Available on MavenCentral:
<dependency>
<groupId>com.github.orm-fux</groupId>
<artifactId>ormfux-simple-di</artifactId>
<version>1.5</version>
</dependency>
This library provides a set of annotations, with which you can annotate classes and their properties.
To manually retrieve a bean instance simply call:
YourBean bean = InjectionContext.getBean(YourBean.class);
This call looks up the bean cache in the context. When there is already an instance of the bean, then this instance is returned. Otherwise a new instance is created and values are injected into the new instance. When the injected values are not in the bean context a new bean instance is created for them automatically as well.
The type of the bean must have been explicitly declared as a bean type!
There are two options, which can make a class a bean:
To make a class a bean with injected values add the @Bean
annotation to the class and the @BeanConstructor
annotation one of its constructors. That's it!

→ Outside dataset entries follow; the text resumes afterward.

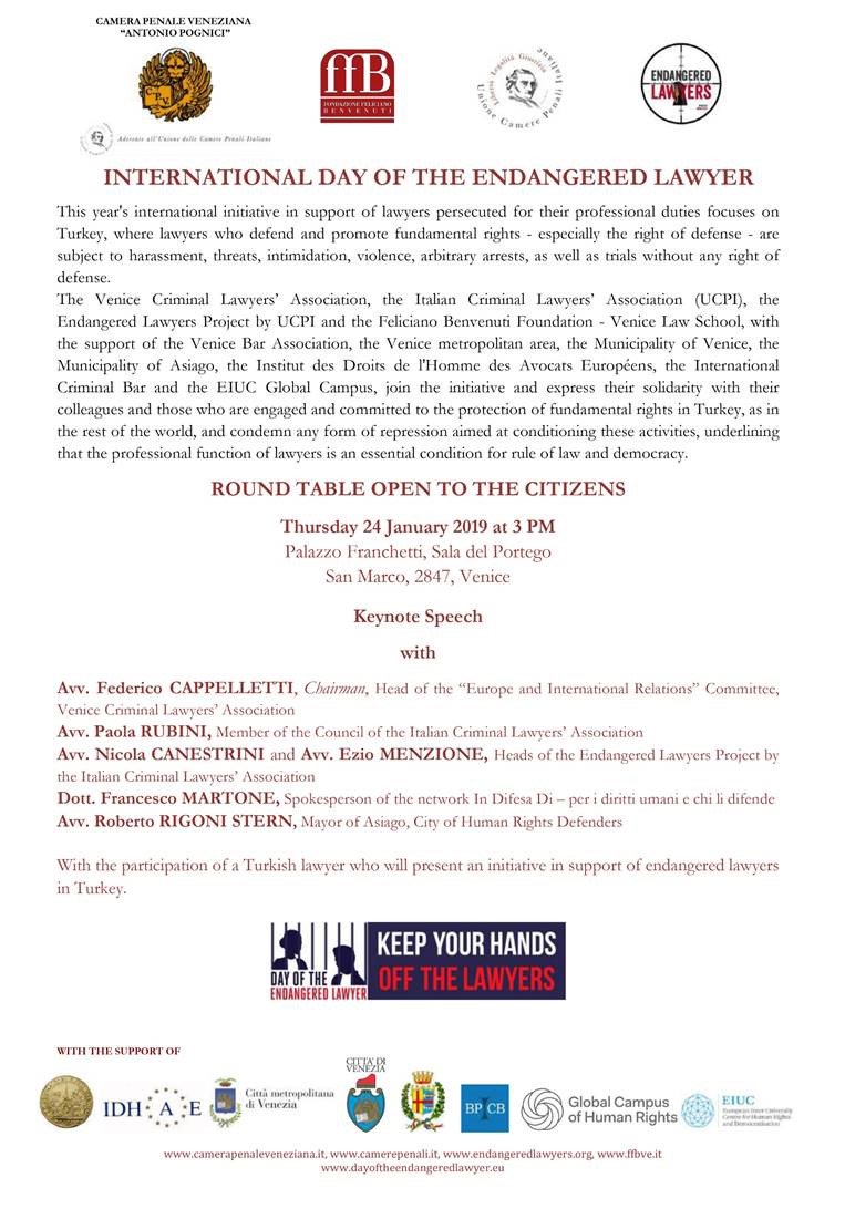 INTERNATIONAL DAY OF THE ENDANGERED LAWYER The BPI-ICB-CAPI supports the UCPI in its initiative of the next 24 of January in Venice, in defense of the threatened lawyers. You’ll find below the program of the event.pic.twitter.com/VugzGxmNOe
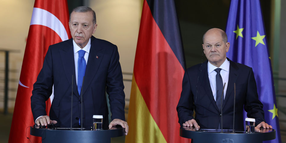Cumhurbaşkanı Erdoğan, Almanya Federal Cumhuriyeti Şansölyesi Scholz ile düzenlediği ortak basın toplantısında yaptığı konuşmada, “Türkiye olarak, amacımız; İsrail ve Filistinlilerin yan yana barış içinde yaşadığı, huzurun ve güvenin hâkim olduğu bir iklimin tesisidir. Orta Doğu’da adil ve kalıcı bir barışın temini için de herkesin elini taşın altına koyması gerektiğini düşünüyorum” dedi.
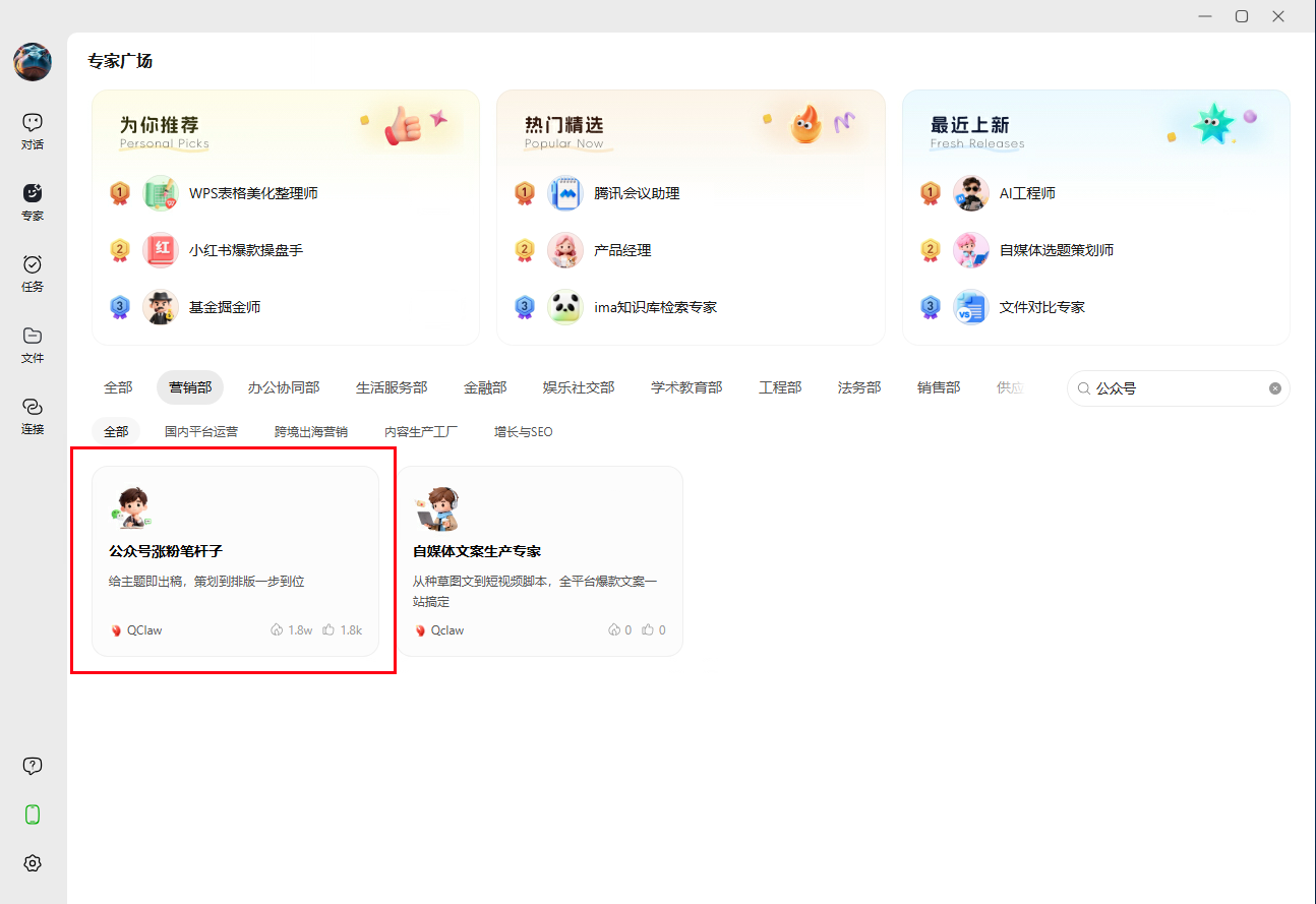 光有人设还不够,要让文章显得“专业”,必须让 AI 学会特定领域的技能。QClaw 支持通过 Skills(技能包) 机制注入外部能力。

You can make non-annotated classes bean types by manually adding them as a simple descriptor to the
InjectionContext
:
InjectionContext.addBeanDescriptor(YourBean.class, true|false)
Make sure to register beans this way only during application startup! That way you can be sure that an instance of these beans will be available during injection into other beans.
This method of bean registration is supposed to be used, when you don't have control over the source code of the class you want to use as a bean.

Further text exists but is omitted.